If I was given the choice of a simple life free from troubles or a complex life filled with good works, I would choose the simple life. I’d like to live a quiet and peaceful life with my wife, out in the country, with little financial pressure. I feel, however, that this is not an option for me and that I must live a complex life for the sake of good works working to accomplish challenging goals for the benefit of others that brings upon me great stress. This is a dilemma I wrestle with every day and I don’t know whether I respond to it rightly or not. It will likely torment me until I die.

I feel a similar way about the apparent paradox between faith and science. One the one hand, I would like to be a simple, trusting believer who lives content with the testimony of Sacred Scripture and the dogma of the Church. Then, I feel a responsibility to answer the criticisms of “naysayers” and give a defense for the faith, which requires that I take up complex studies and arguments. I investigate and discuss complex issues like evolution, atomic theory, abortion, homosexuality, archaeology, hermeneutics, etc. I don’t want to; I feel like I have to.

Today, as I was walking, I thought of an argument to support complex learning and reasoning.

Normally, when I am annoyed by learning, it is because I am required to research something I don’t presently know much about, and it’s difficult. I’d like to imagine a Christianity where what I know is all that needs to be known.

However, what I know today I did not know when I was 28 years old. Would I prefer to live as a Christian with my knowledge at age 28 or with the much more complex knowledge I have today?

I would prefer to have my current knowledge.
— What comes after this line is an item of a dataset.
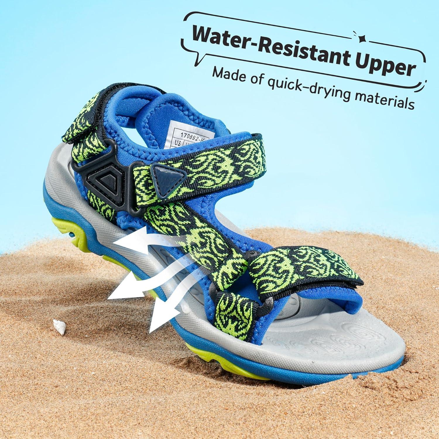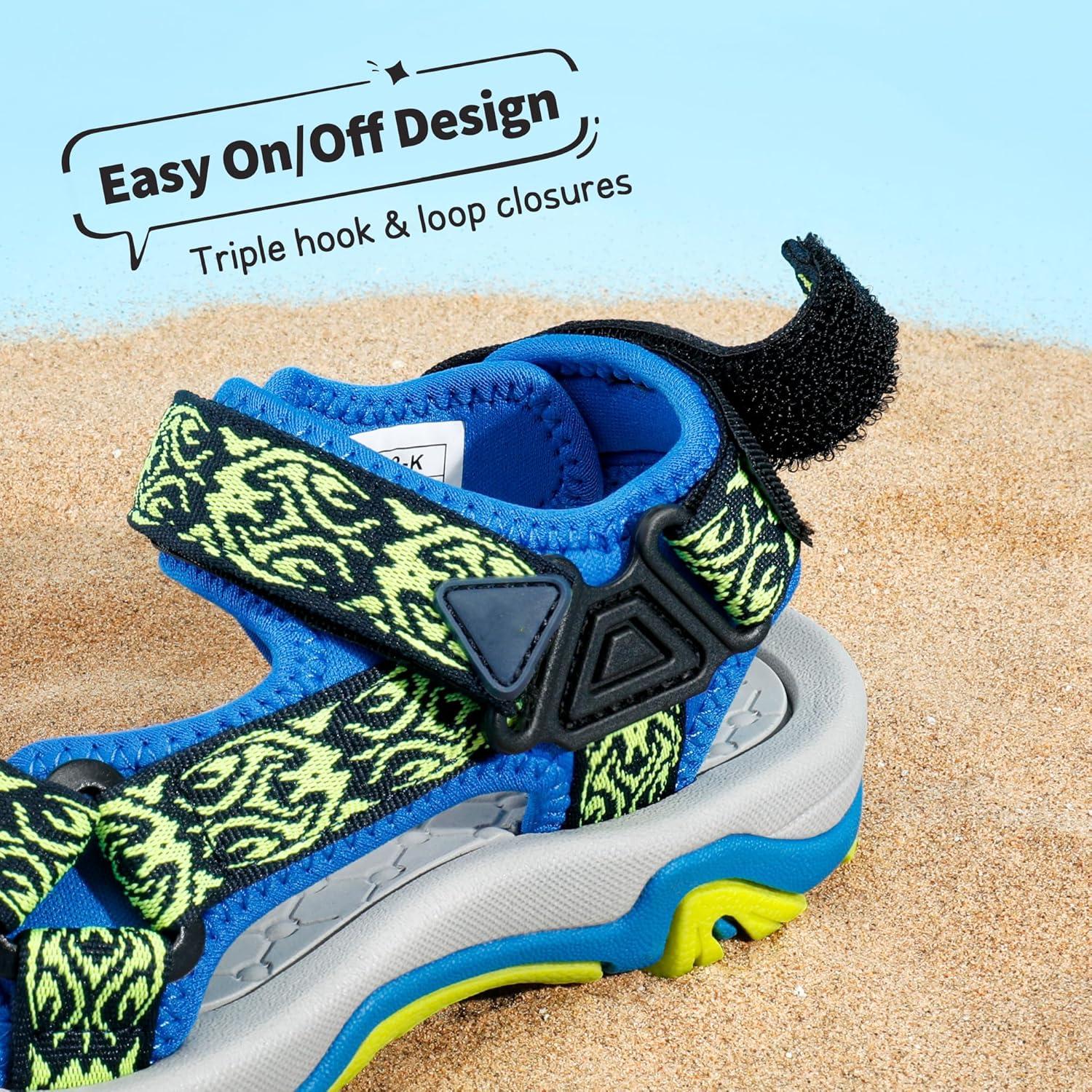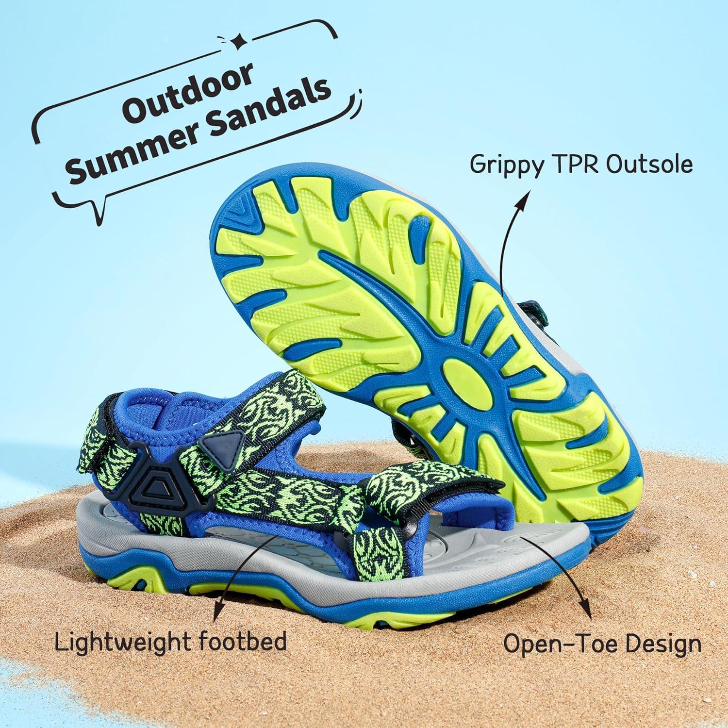 DREAM PAIRS Boys Girls Sandals Kids Adventurous Light-Weight Adjustable Straps Summer Sandals (Toddler/Little Kid/Big Kid)(Royal/Neon/Green)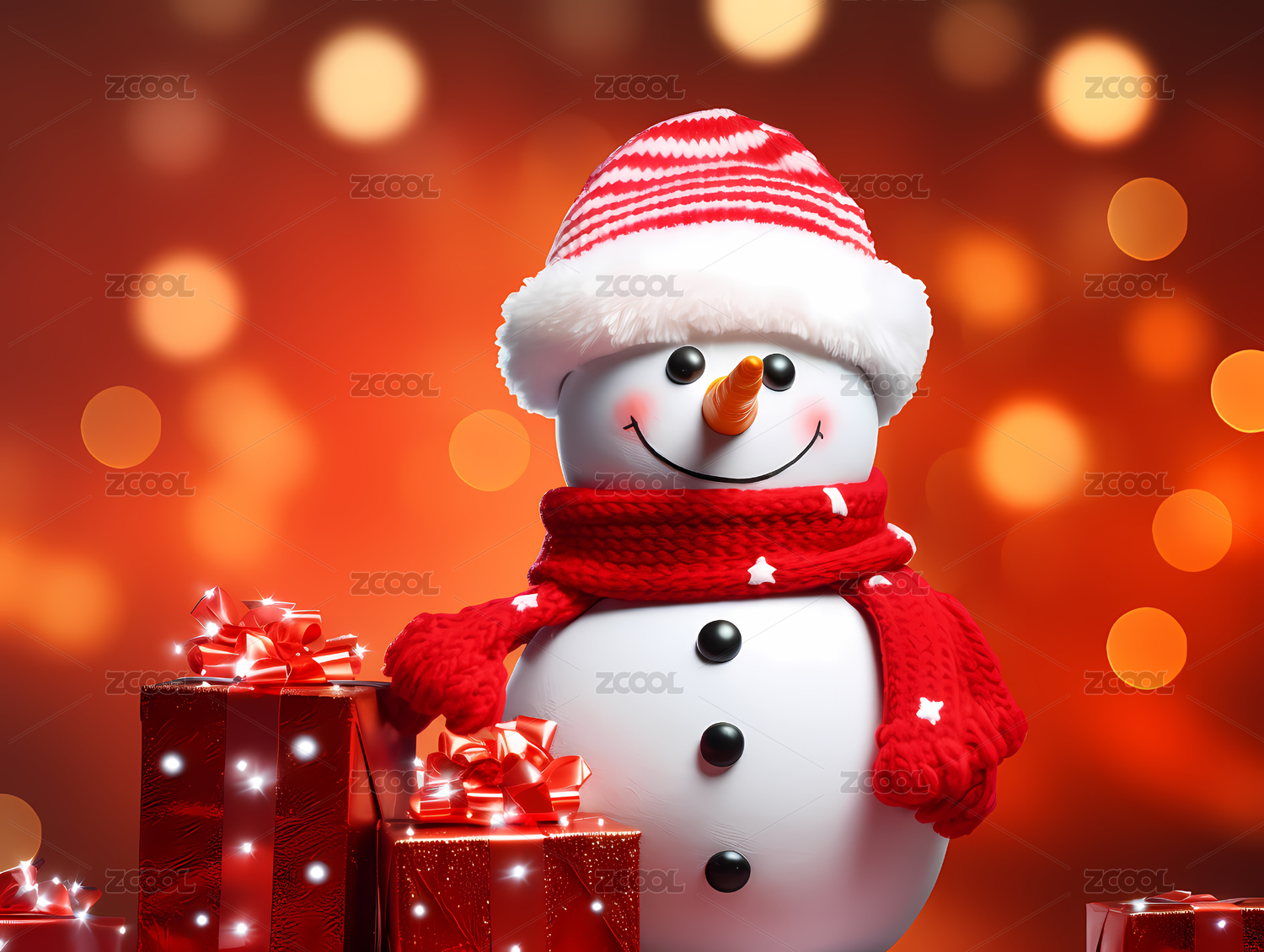 圣诞雪人与礼物3D渲染

Therefore, today, if I think of the knowledge I currently have compared to the knowledge I will likely have when I’m 68 years old, would I rather have that knowledge at 68 or my current knowledge? Certainly, that knowledge.

Therefore, the complexity of scientific learning is to be desired because the aversion to it is unreasonable. We are inclined to be averse to it not because it is useless or unnecessary, but because it is uncomfortable and may be very difficult. Thinking that our current knowledge is all that we need is as reasonable as thinking that my 28 year old knowledge is all that I need today.

At 28, I was an Anglican. I didn’t pray the Rosary. I didn’t attend Mass. I didn’t understand these things and I would never want to live without this knowledge. It was not easy to begin attending Mass or learning to pray the Rosary and it would have been convenient to say, at 28, “I don’t need to learn anything I don’t already know.”

Scholarly controversies are annoying and difficult, but necessary.